§ WORK REQUIRED: Reproduce the whole listing exactly, omitting any picture it holds.

§ INFORMATION PROVIDED:
------------------------------
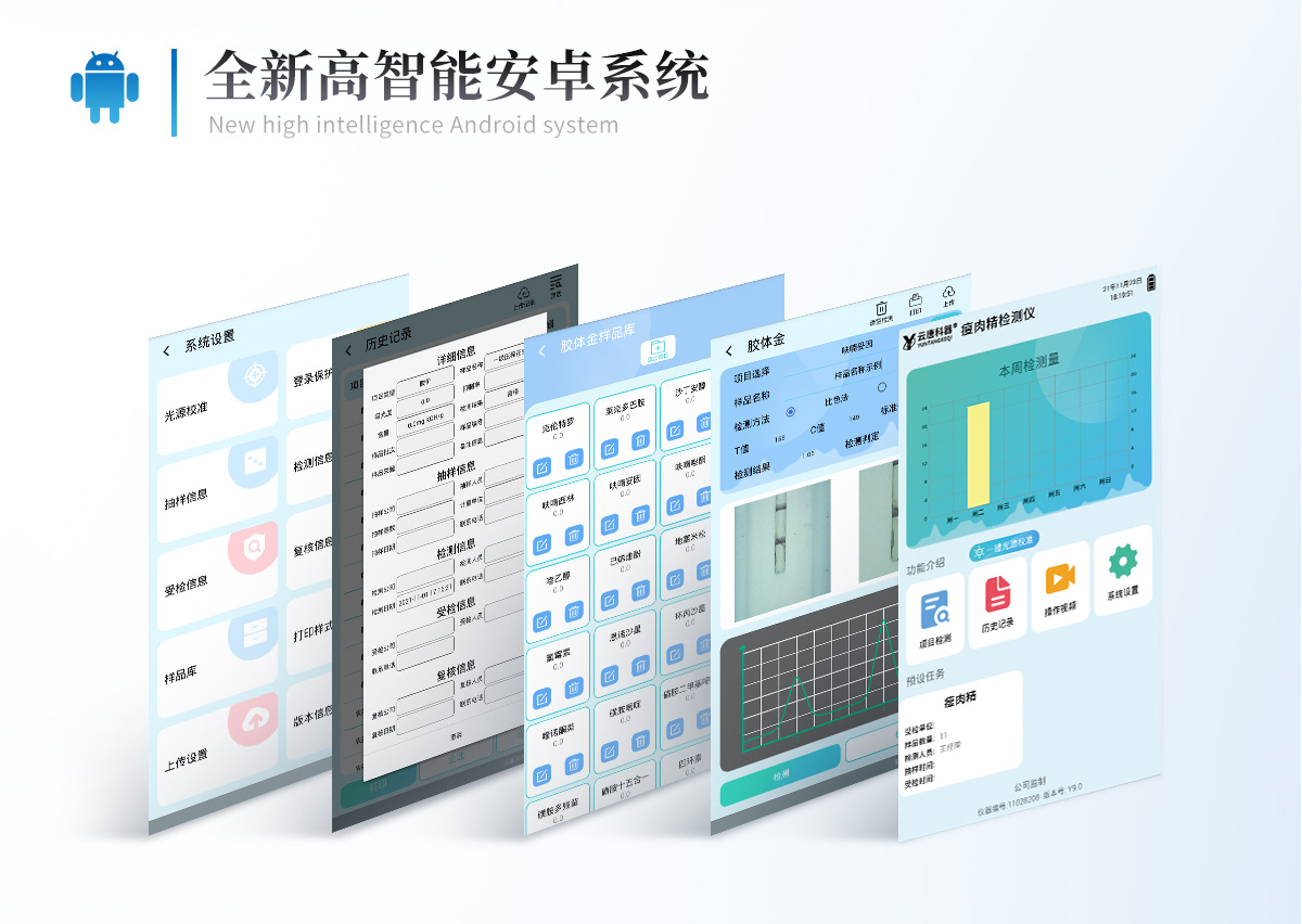 | 儀器采用10.1英寸液晶觸摸屏顯,搭配運行安卓智能操作系統,主控芯片采用ARM Cortex-A7,RK3288/4核處理器,主頻1.88Ghz,運轉速度更快速,性能更強。 | 儀器功能包括:膠體金檢測模塊、數字化管理模塊、無線通訊模塊等,可以滿足同一軟件下實現所有檢測項目的檢測,并在同一窗口展示檢測結果。 | 一體化臺式快檢設備,采用交直流兩用供電方式,可連接車載電源,配備6ah大容量充電鋰電池,可以滿足現場及流動檢測使用的需求。儀器尺寸:43×35×20cm, 主機凈重:5.1kg | 系統自帶數據集成模塊,設備首頁自動統計檢測數據包含:周檢測數據、月檢測數據,全部檢測總數量,均包含檢測總數,合格數,不合格數,以及相關柱形分析圖,對各項檢測數據清晰掌握,無需電腦查詢,更加快捷直觀。 | 儀器具有任務預設模塊,可在樣品送檢前提前預設樣品名稱、檢測指標、送檢單位等信息,樣品送檢時一鍵調取保存信息,檢測更加方便快捷。 | 直插式自動掃描方式,可實時顯示金標卡實時圖像,系統自動分析并呈現出CT曲線圖,CT線自動識別,無需手動調整,完成檢測后自動退出檢測卡。 | 膠體金模塊檢測方式:軌道式自動傳輸掃描,檢測完成后自動退出檢測卡。 | 儀器檢測系統擁有龐大數據庫,并且構建了完善的檢索、修訂功能。食品庫涵蓋多種樣品名稱,可按需添加或刪除、編輯樣品名稱;產品數據庫以及歷史檢測記錄支持一鍵檢索功能。 | 系統打印自定義化,打印格式多樣化,產品合格證(****要求),二維碼,抽樣信息、檢測信息,受檢信息、復核信息、抽樣日期、檢測日期等信息結果,可按需求自行設置打印內容。 | A4紙版本報告打印功能(可選配):設備擁有兩種結果展示方式,可以自動生成A4打印模板和小票打印模板兩種樣式,可通過WiFi及網線等方式鏈接外置打印機可進行打印 | 儀器具有 wifi 聯網上傳、RJ45網線連接功能,可以快速上傳數據。同步對接監管平臺,數據可局域網和互聯網數據上傳,檢測結果直接傳至食品安全監管平臺。進行區域食品安全監管及大數據分析處理與數據統計,檢測區域食品安全長短期動態,達到食品安全問題預估、預警。 | 設備支持U盤存儲,標準USB接口,免驅動安裝。檢測結果存儲容量20萬條以上,可生成Excel表格,進行一鍵拷貝,并具有登錄保護功能,可設置用戶名及密碼,規范不同人員操作權限,防止非工作人員操作,并且可以進行重新校準、鎖定、恢復出廠設置功能。儀器固件可升級,后期檢測項目可擴充。 | 儀器具備遠程升級功能,可定向分客戶分儀器更新,開機后自動更新,并可持續性免費更新系統版本,無需像傳統產品返廠更新,節省時間及人力成本并避免了物流運輸返廠升級導致設備損壞的潛在風險。 |
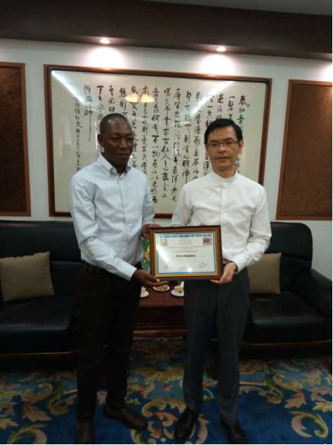 Ambassador Hu Zhangliang receives a certificate from the president of Sierra Leone’s Parliamentary Press Gallery, Hassan Y. Koroma
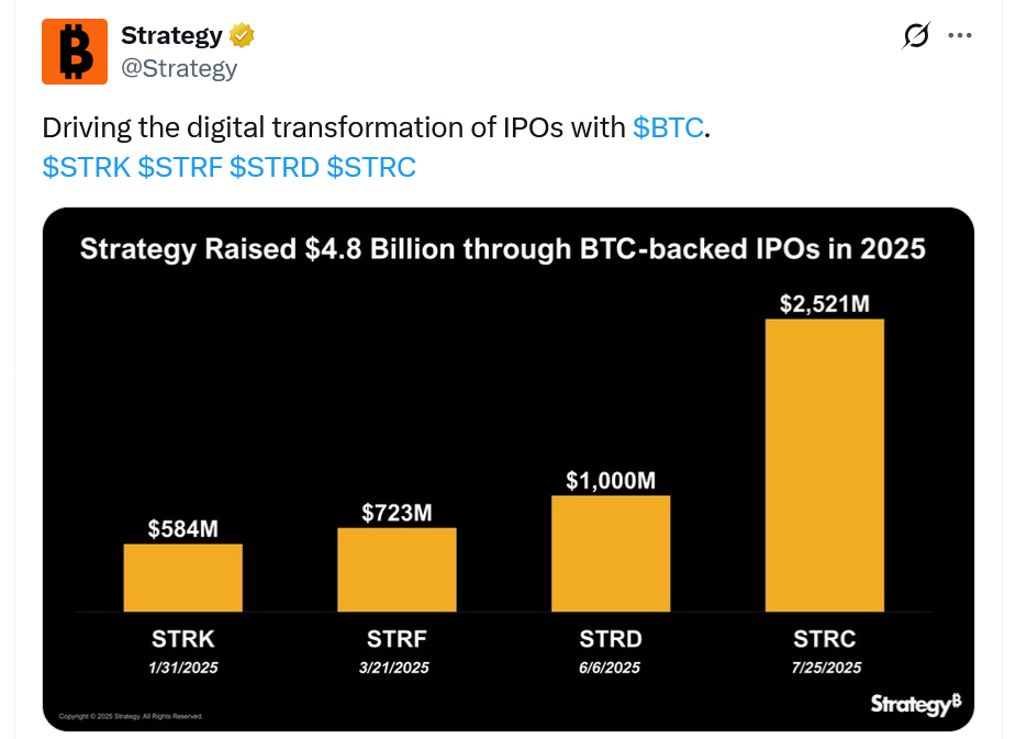 STRC is the latest in Strategy’s series of perpetual preferred offerings used to finance its Bitcoin buys.
------------------------------
§ SOLUTION:
 | 儀器采用10.1英寸液晶觸摸屏顯,搭配運行安卓智能操作系統,主控芯片采用ARM Cortex-A7,RK3288/4核處理器,主頻1.88Ghz,運轉速度更快速,性能更強。 | 儀器功能包括:膠體金檢測模塊、數字化管理模塊、無線通訊模塊等,可以滿足同一軟件下實現所有檢測項目的檢測,并在同一窗口展示檢測結果。 | 一體化臺式快檢設備,采用交直流兩用供電方式,可連接車載電源,配備6ah大容量充電鋰電池,可以滿足現場及流動檢測使用的需求。儀器尺寸:43×35×20cm, 主機凈重:5.1kg | 系統自帶數據集成模塊,設備首頁自動統計檢測數據包含:周檢測數據、月檢測數據,全部檢測總數量,均包含檢測總數,合格數,不合格數,以及相關柱形分析圖,對各項檢測數據清晰掌握,無需電腦查詢,更加快捷直觀。 | 儀器具有任務預設模塊,可在樣品送檢前提前預設樣品名稱、檢測指標、送檢單位等信息,樣品送檢時一鍵調取保存信息,檢測更加方便快捷。 | 直插式自動掃描方式,可實時顯示金標卡實時圖像,系統自動分析并呈現出CT曲線圖,CT線自動識別,無需手動調整,完成檢測后自動退出檢測卡。 | 膠體金模塊檢測方式:軌道式自動傳輸掃描,檢測完成后自動退出檢測卡。 | 儀器檢測系統擁有龐大數據庫,并且構建了完善的檢索、修訂功能。食品庫涵蓋多種樣品名稱,可按需添加或刪除、編輯樣品名稱;產品數據庫以及歷史檢測記錄支持一鍵檢索功能。 | 系統打印自定義化,打印格式多樣化,產品合格證(****要求),二維碼,抽樣信息、檢測信息,受檢信息、復核信息、抽樣日期、檢測日期等信息結果,可按需求自行設置打印內容。 | A4紙版本報告打印功能(可選配):設備擁有兩種結果展示方式,可以自動生成A4打印模板和小票打印模板兩種樣式,可通過WiFi及網線等方式鏈接外置打印機可進行打印 | 儀器具有 wifi 聯網上傳、RJ45網線連接功能,可以快速上傳數據。同步對接監管平臺,數據可局域網和互聯網數據上傳,檢測結果直接傳至食品安全監管平臺。進行區域食品安全監管及大數據分析處理與數據統計,檢測區域食品安全長短期動態,達到食品安全問題預估、預警。 | 設備支持U盤存儲,標準USB接口,免驅動安裝。檢測結果存儲容量20萬條以上,可生成Excel表格,進行一鍵拷貝,并具有登錄保護功能,可設置用戶名及密碼,規范不同人員操作權限,防止非工作人員操作,并且可以進行重新校準、鎖定、恢復出廠設置功能。儀器固件可升級,后期檢測項目可擴充。 | 儀器具備遠程升級功能,可定向分客戶分儀器更新,開機后自動更新,并可持續性免費更新系統版本,無需像傳統產品返廠更新,節省時間及人力成本并避免了物流運輸返廠升級導致設備損壞的潛在風險。 |
 Ambassador Hu Zhangliang receives a certificate from the president of Sierra Leone’s Parliamentary Press Gallery, Hassan Y. Koroma
 STRC is the latest in Strategy’s series of perpetual preferred offerings used to finance its Bitcoin buys.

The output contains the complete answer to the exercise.